PSICOLOGIA

A estratégia revisionista e a identificação

“Identificar as crises dos regimes liberais como de importância crucial para o êxito do fascismo sugere o funcionamento de algum tipo de determinismo ambiental. Se o ambiente for propício, segundo esta maneira de pensar, acaba-se chegando ao fascismo. Prefiro deixar espaço em nossa explicação para as diferenças nacionais e para as escolhas humanas.” (Paxton 2007, p.140)

1 – A psicologia das massas difere muito da do sujeito, pelo menos em suas técnicas. É inegável que o estudo das massas procura elementos que expliquem porque discursos, situações ambientais e políticas, levem a comportamentos padronizados, à imitação e à idolatria, mas isto também é observado em grupos menores, como em seitas religiosas, clubes, em salas de aula. O esforço em determinar quais fatores conduzem e reagem a estas condutas não parece, no entanto, encontrar pleno apoio, como bem aponta o autor acima, sem que considere-se as diferenças existentes nos sujeitos.

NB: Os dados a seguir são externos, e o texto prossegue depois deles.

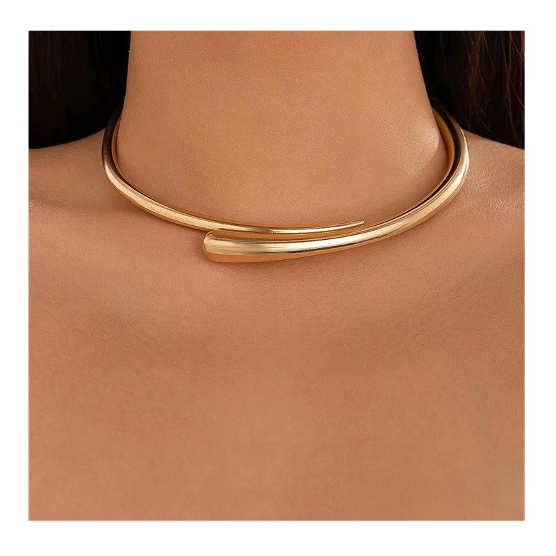 Colier modern reglabil din aliaj în stil minimalist. Ideal pentru nuntă, petrecere sau ca un cadou elegant. Descrierea completă
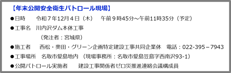 ~ 県内では宮城労働局長がダム堤体工事現場を巡視予定 ~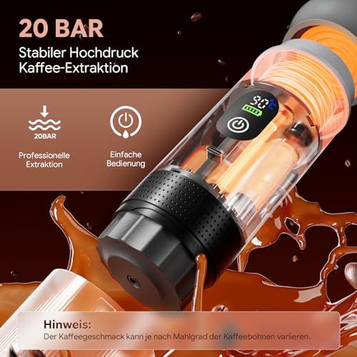 - 【تسخين تلقائي سريع】تعمل ماكينة القهوة التي تعمل بالبطارية من كيجيكتور على تسخين 50 مل من الماء في درجة حرارة الغرفة حتى 93 درجة مئوية (200 درجة فهرنهايت) في أقل من 300 ثانية، مما يضمن لك الحصول على اسبريسو ساخن في دقائق. مع ضغط 20 بار، يسمح باستخلاص مكثف ومتساوي مع كريم كريمي. استمتع بقهوة عالية الجودة في أي مكان - سواء في البرية أو في المنزل.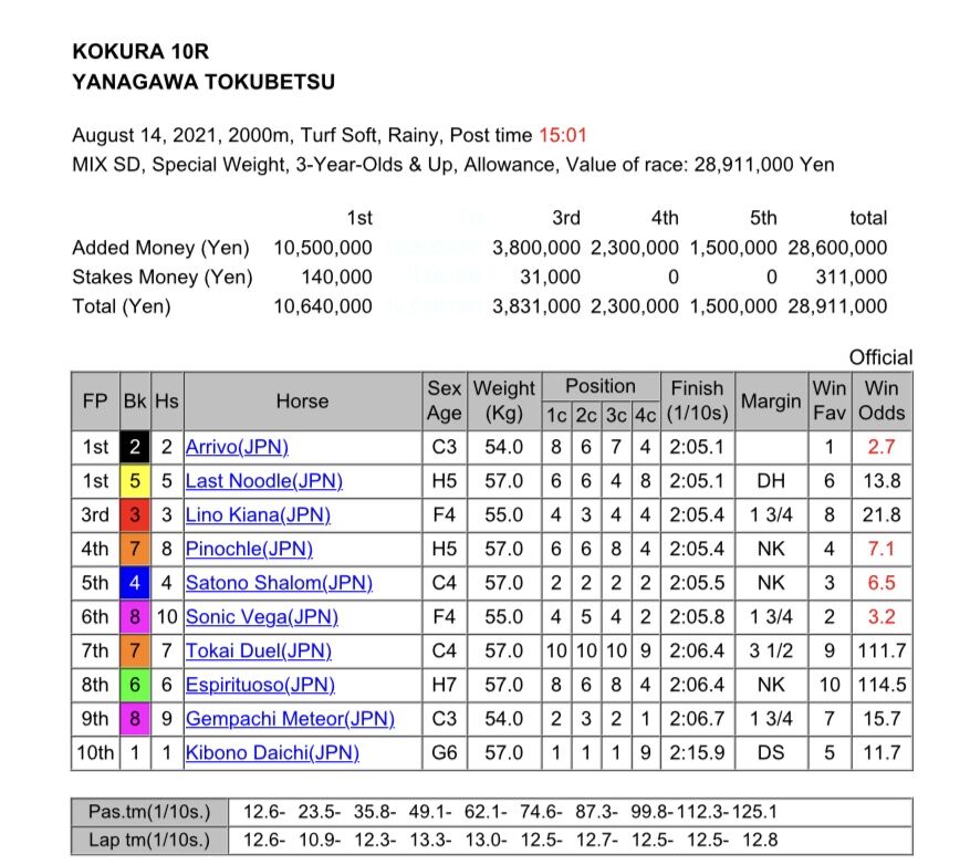 7/3/2021 Kokura Race 10 Yanagawa Tokubetsu 2000m (Turf)

2 – Apesar dos empenhos da pesquisa genética nada indica que a simpatia por esta ou aquela ideologia seja determinada pelo DNA. Antes o que se verifica é que a preferência é constituída através de uma complexa rede simbólica e imaginária, onde os significantes articulam-se aos desejos, às prioridades e interesses de determinado grupo. Como de fato isto ocorre em cada caso é matéria de uma psicanálise, ao passo que descrever e classificar sua estrutura seria o fundamento de uma teoria. Estamos, contudo, longe de uma sólida teoria social acerca do mecanismo da ideologia no campo subjetivo. Dispomos é da aplicação experimental de empréstimos teóricos. Tentativas de interpretar fenômenos desde uma perspectiva que não foi originariamente traçada para este fim. Ou vice versa.

3 – Sem embargo, algumas proposições são de saída inevitáveis, do ponto de vista da sustentação do discurso. A estrutura teórica não visa, em princípio, o conteúdo do caso singular, mas o universal do caso, e portanto, um local definido de acomodação de um conceito. Assim, aquilo que é regular, e que, como fenômeno, se impõe. É uma escolha, entretanto (ainda que insabida) do pesquisador, a posição e o alvo que tomará diante de um dado. Mesmo a escolha desta posição, sem exagerar, é determinada por discursos precedentes. Não há aqui, conforme Blanché, um dado bruto, posto que sua apreensão se dá por uma via constituída e analisada pela própria via simbólica.

4 – Tudo isto indica que uma escolha, preferimos usar tomada de posição em lugar de escolha, é antes ética, isto é, está em acordo (e portanto funciona nos moldes de um sintoma) com o desejo daquele que a efetua. Neste sentido é ética por ser da ordem de uma posição frente à repetição do reencontro com seu objeto, ou de rompimento com esta via, e assim, forçando o que chamamos economia psíquica a produzir outros caminhos. Nada mais do que, em termos significantes, servir-se de outros discursos. Trata-se, em linhas gerais, de um processo de ajuste do objeto ao desejo, do desejo ao objeto, ou da constatação de sua identidade apenas parcial, deixando lugar para o passo seguinte.

5 – O passo seguinte pode ser descrito como análise ou julgamento, e consiste em desfazer as semelhanças para isolar a diferença. É esta operação que é evitada pelo processo de identificação. A identificação fornece os meios de reencontro do objeto com o saber, e consiste em repetição: um padrão imitado e atualizado pela atração do objeto. Nesta via, quando há uma identificação com o objeto, o discurso é revivido como atual, uma vez que restava latente, apenas. A transferência, a suposição de saber no Outro, é sentida não somente como afetuosa, pela projeção do narcisismo, mas também como identificação de pensamento: o sujeito tem a súbita certeza de que seu objeto conhece seu discurso.

6 – Este reconhecimento do mais íntimo no Outro é inexorável enquanto sustente-se a identificação. Isto revela, a posteriori, contrariando a maioria da opinião hodierna que descamba pela alienação, que ela não é possível somente pelo ambiente contextual, mas, e somente se já fosse outrora inscrita. A alienação enquanto tal é uma operação tão constitutiva que inconsciente, desde a origem.

7 – O discurso do Outro é o inconsciente, disse Lacan. Eis aí o campo onde se trava hoje, na educação – mas não só – a batalha ideológica. Repare-se que há nisso método: visa-se a educação superior num primeiro momento, porque onde é possível desmontar a alienação recebida, pela via do pensamento crítico, para, em seguida, instaurar no princípio (base) um discurso livre de contraposições. Aqui reencontramos o frágil espaço onde a psicologia das massas se encontra com a do sujeito: a criação de exércitos se dá e perpetua-se nestes moldes.